I can work around this by allowing everything on lo before this rule, but
I'm wondering if this is expected or not.

Here's more about the situation:

All involved systems are running Ubuntu Bionic with kernel
4.15.0-52-generic.

On systems with the problem, there are half open TCP connections:

tcp        0      0 127.0.0.1:2348          127.0.0.1:47268         ESTABLISHED

When a client connects with source port 47268, it gets stuck in SYN_SENT
and eventually times out:

22:09:17.601482 IP (tos 0x0, ttl 64, id 53505, offset 0, flags [DF], proto TCP (6), length 60)
    127.0.0.1.47268 > 127.0.0.1.2348: Flags [S], cksum 0xfe30 (incorrect -> 0x02e6), seq 3436316390, win 43690, options [mss 65495,sackOK,TS val 712761924 ecr 0,nop,wscale 7], length 0
22:09:17.601487 IP (tos 0x0, ttl 64, id 42105, offset 0, flags [DF], proto TCP (6), length 52)
    127.0.0.1.2348 > 127.0.0.1.47268: Flags [.], cksum 0xfe28 (incorrect -> 0x08f5), seq 1489307482, ack 3500129728, win 2309, options [nop,nop,TS val 712761924 ecr 696680490], length 0
22:09:18.629342 IP (tos 0x0, ttl 64, id 53506, offset 0, flags [DF], proto TCP (6), length 60)
    127.0.0.1.47268 > 127.0.0.1.2348: Flags [S], cksum 0xfe30 (incorrect -> 0xfee1), seq 3436316390, win 43690, options [mss 65495,sackOK,TS val 712762952 ecr 0,nop,wscale 7], length 0
22:09:18.629469 IP (tos 0x0, ttl 64, id 42106, offset 0, flags [DF], proto TCP (6), length 52)
    127.0.0.1.2348 > 127.0.0.1.47268: Flags [.], cksum 0xfe28 (incorrect -> 0x04f1), seq 0, ack 1, win 2309, options [nop,nop,TS val 712762952 ecr 696680490], length 0

It repeats like this (SYN then ACK) until timeout.

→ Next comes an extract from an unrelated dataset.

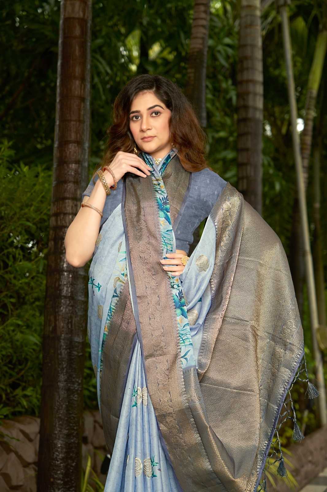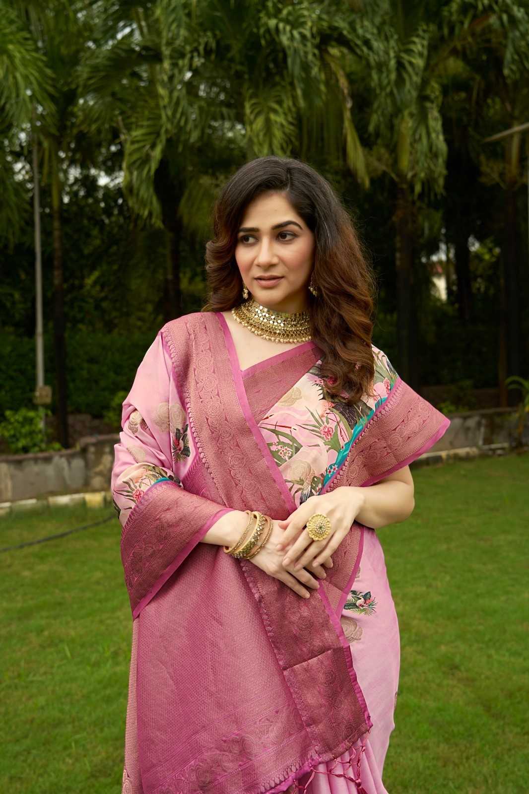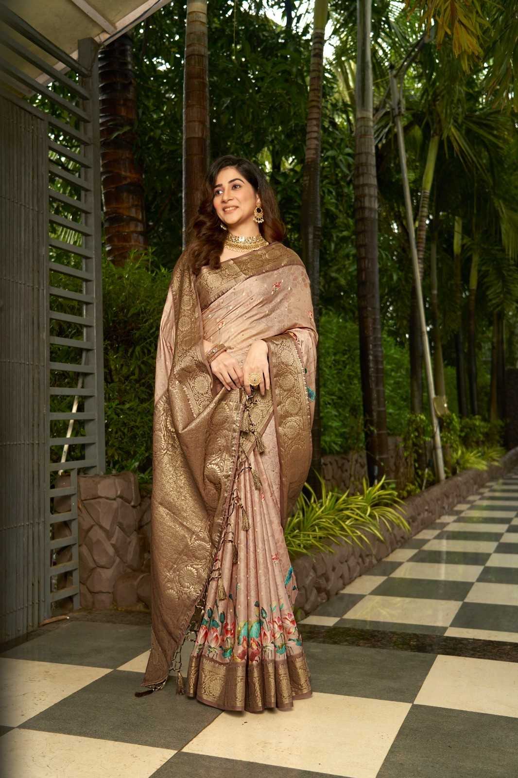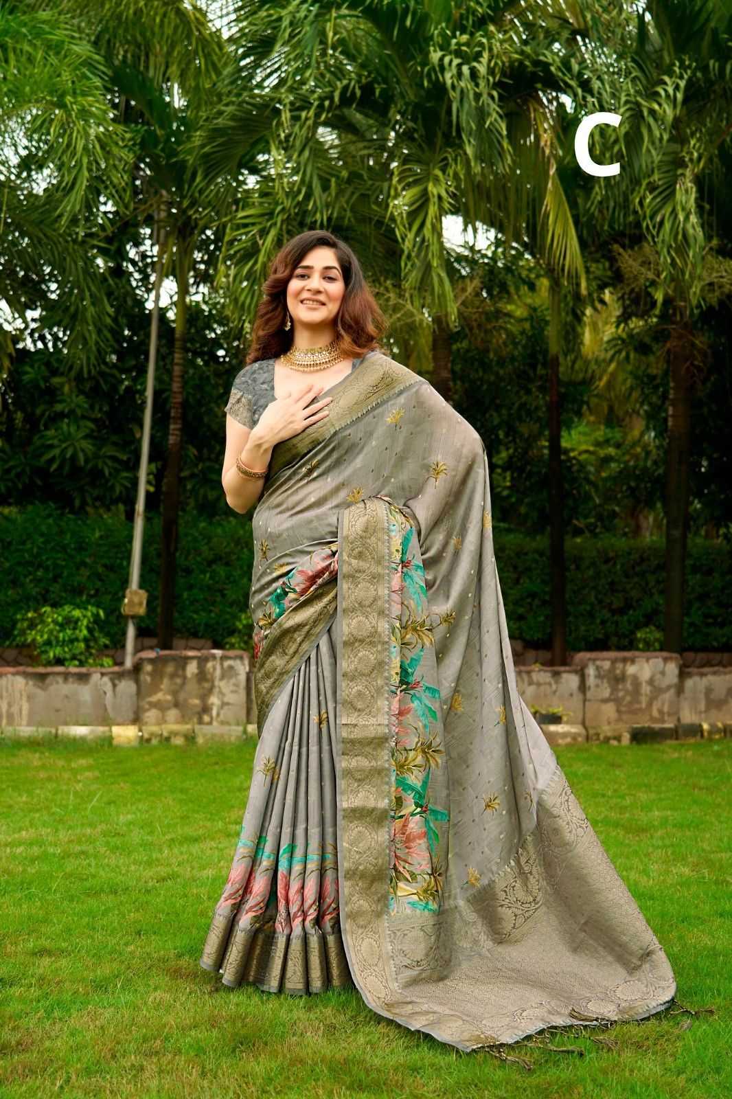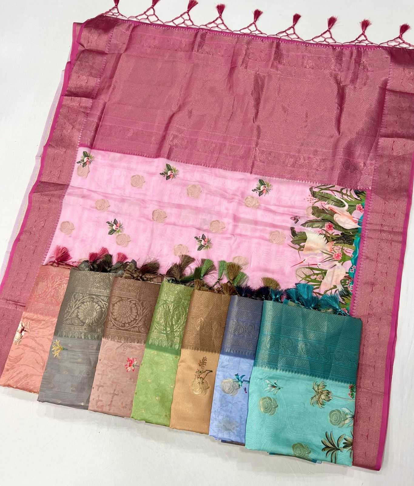 The Feminine Charm And Melodic Grace Of This Pastel Saree Add A Touch Of Sophistication And Elegance To Your Look Catalog Name : Pastel Vol -1 Series: A to H Saree Fabric : Soft Weaving Sartin Fabric With Rich Pallu & Digital Print Or Attached Tussles On Pallu Blouse Fabric : Jacquard Occasion : Festival Wear, Party Wear |

My understanding is that I should see a RST from the client and the
handshake beginning from scratch. Indeed, if I create a half open TCP
connection to try to replicate the issue, that's what I see:

14:19:47.429668 IP (tos 0x0, ttl 64, id 35002, offset 0, flags [DF], proto TCP (6), length 60)
    127.0.0.1.59118 > 127.0.0.1.2348: Flags [S], cksum 0xfe30 (incorrect -> 0xf9f1), seq 1911409434, win 43690, options [mss 65495,sackOK,TS val 2900480312 ecr 0,nop,wscale 7], length 0
14:19:47.429698 IP (tos 0x0, ttl 64, id 44792, offset 0, flags [DF], proto TCP (6), length 52)
    127.0.0.1.2348 > 127.0.0.1.59118: Flags [.], cksum 0xfe28 (incorrect -> 0x81ca), seq 1940761408, ack 1119853882, win 342, options [nop,nop,TS val 2900480312 ecr 2900155296], length 0
14:19:47.429724 IP (tos 0x0, ttl 64, id 50333, offset 0, flags [DF], proto TCP (6), length 40)
    127.0.0.1.59118 > 127.0.0.1.2348: Flags [R], cksum 0xe1c9 (correct), seq 1119853882, win 0, length 0
14:19:48.452510 IP (tos 0x0, ttl 64, id 35003, offset 0, flags [DF], proto TCP (6), length 60)
    127.0.0.1.59118 > 127.0.0.1.2348: Flags [S], cksum 0xfe30 (incorrect -> 0xf5f2), seq 1911409434, win 43690, options [mss 65495,sackOK,TS val 2900481335 ecr 0,nop,wscale 7], length 0
14:19:48.452533 IP (tos 0x0, ttl 64, id 0, offset 0, flags [DF], proto TCP (6), length 60)
    127.0.0.1.2348 > 127.0.0.1.59118: Flags [S.], cksum 0xfe30 (incorrect -> 0x1929), seq 2748298959, ack 1911409435, win 43690, options [mss 65495,sackOK,TS val 2900481335 ecr 2900481335,nop,wscale 7], length 0
14:19:48.452547 IP (tos 0x0, ttl 64, id 35004, offset 0, flags [DF], proto TCP (6), length 52)
    127.0.0.1.59118 > 127.0.0.1.2348: Flags [.], cksum 0xfe28 (incorrect -> 0xeb6d), seq 1911409435, ack 2748298960, win 342, options [nop,nop,TS val 2900481335 ecr 2900481335], length 0

>From what I can gather, either the ACK from the server or the RST from the
client (which doesn't show in the tcpdump if it is occurring) is getting
blocked by the INVALID state rule. If I allow everything on lo, I see the
RST and the connection succeeds.

I've tried setting nf_conntrack_log_invalid to 255, but I don't see any
logs about what's invalid.

I'm at a loss to explain why these packets are invalid. I'm also curious
why I'm unable to replicate the issue. There's seems to be something
special about certain half open connections.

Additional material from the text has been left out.